Kendall was represented Thursday by attorneys Julie E. Green and Howard M. Cooper of Todd & Weld LLP of Boston, Mass. Local attorney Robert King had previously represented Kendall.
Gomez made clear at the start of the proceedings that the issue was the constitutionality of the creation of the commission, not the merits of the complaints about Kendall before the commission. The commission was scheduled to hold hearings Thursday and again on Monday in the Kendall matter.
Cooper said the commission's action against Kendall, and the resultant publicity, had had a chilling effect on the judge. He said Kendall had suffered personal and judicial injury because of the media publicity.
Gomez said press coverage comes with the turf in these matters. However, he allowed Kendall to testify on his own behalf.
Under questioning by Green, Kendall said he had been under "intense scrutiny" about his bail decisions, and people were hostile toward him.

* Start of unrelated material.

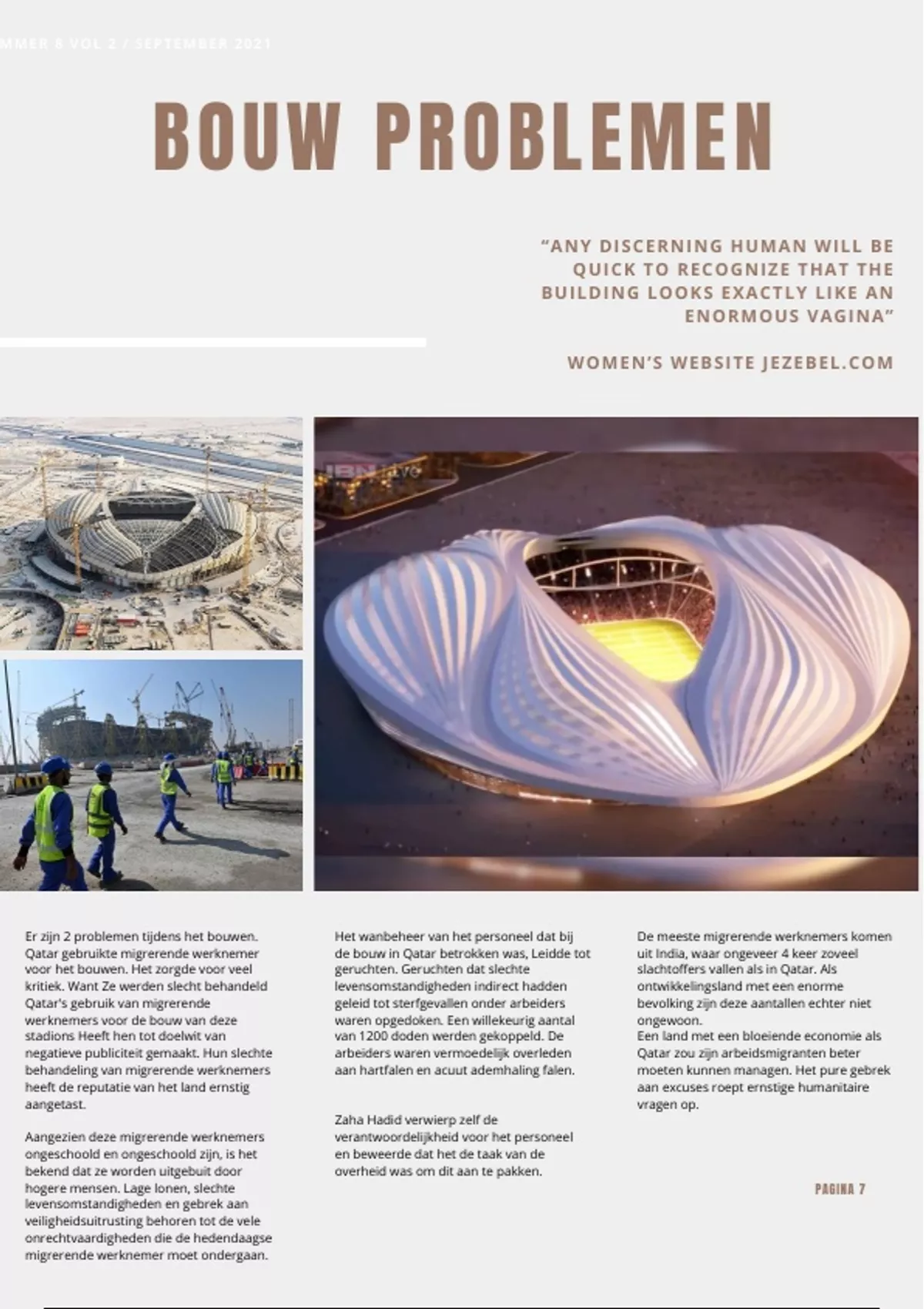 voor het bouwen. Het zorgde voor veel geruchten. Geruchten dat slechte slachtoffers vallen als in Qatar. Als

Under questioning by Green, Kendall said he had ruled on 400 cases, pointing out that none had been challenged. Kendall said the Judicial Watch complaint against him had been posted on its website and had caused him a lot of damag. "I feel as though I have the sword of Damocles hanging over me. It's an impediment to the performance of my judicial duties."
After further objections by Hodge, Gomez called a brief sidebar conference before Kendall continued with his testimony.

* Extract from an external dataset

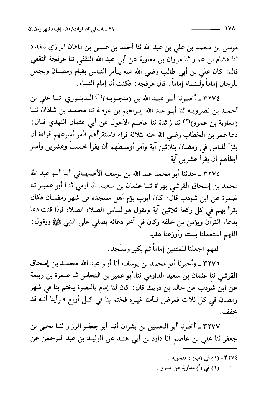 3274 - أخبرنا أبو عبد الله بن منجويه الدينوري ثنا علي بن أحمد بن نصرويه ثنا أبو عبد الله إبراهيم بن عرفة ثنا محمد بن شاذان ثنا معاوية بن عمرو ثنا زائدة ثنا عاصم الأحول عن أبي عثمان النهدي قال : دعا عمر بن الخطاب رضي الله عنه بثلاثة قراء فاستقرأهم فأمر أسرعهم قراءة أن يقرأ للناس في رمضان بثلاثين آية و أمر أوسطهم أن يقرأ خمسا و عشرين و أمر أبطأهم أن يقرأ عشرين آية

Kendall said he was shunned by friends and colleagues as a result of the scrutiny.
Hodge asked him if he had ever filed any complaint with the commission about its activities.
Kendall didn't answer that question. After further questioning by Hodge about his reasons for bringing the case, Kendall switched the subject. "It is a matter of public record that Senator Russell has been –" Kendall began before Gomez cut him off.
Cooper argued throughout the day that the commission was not constitutionally created, that the Legislature had no authority to create it under the provisions of the Organic Act. He cited the Home Rule Act of the District of Columbia, which provides for an elected mayor and council. Under that act, Congress reviews all legislation passed by the council before it becomes law.
There was much discussion by both sides as to whether the commission constitutes a court. By law under the Organic Act, the Legislature has the authority to create courts. Hodge pointed out that the commission was created by the Legislature as an entity within the judicial branch. The very law that created the commission is the same act that created the Territorial Court (now the Superior Court).
A removal order by the commission is not effective unless the commission's decision is affirmed by the court after a review.
At the end of the day, Gomez noted, "there are a lot of issues here." After saying he would make a decision before Jan. 15, he said, "I don't know if parties are inclined to stand still until I make a decision."
Cooper said he had no objection. After a huddle with the five commission members, Hodge said, "Provided the Court needs that amount of time, the commission will do so."
Gomez then asked the attorneys to file post-trial briefs.
The courtroom was filled with spectators, including Mary Mingus of the Women's Coalition of St. Croix and Lynn Gittens Spencer of the V.I. Domestic Violence and Sexual Assault Council of the V. I., both of whom have filed complaints with the commission about Kendall's court decisions.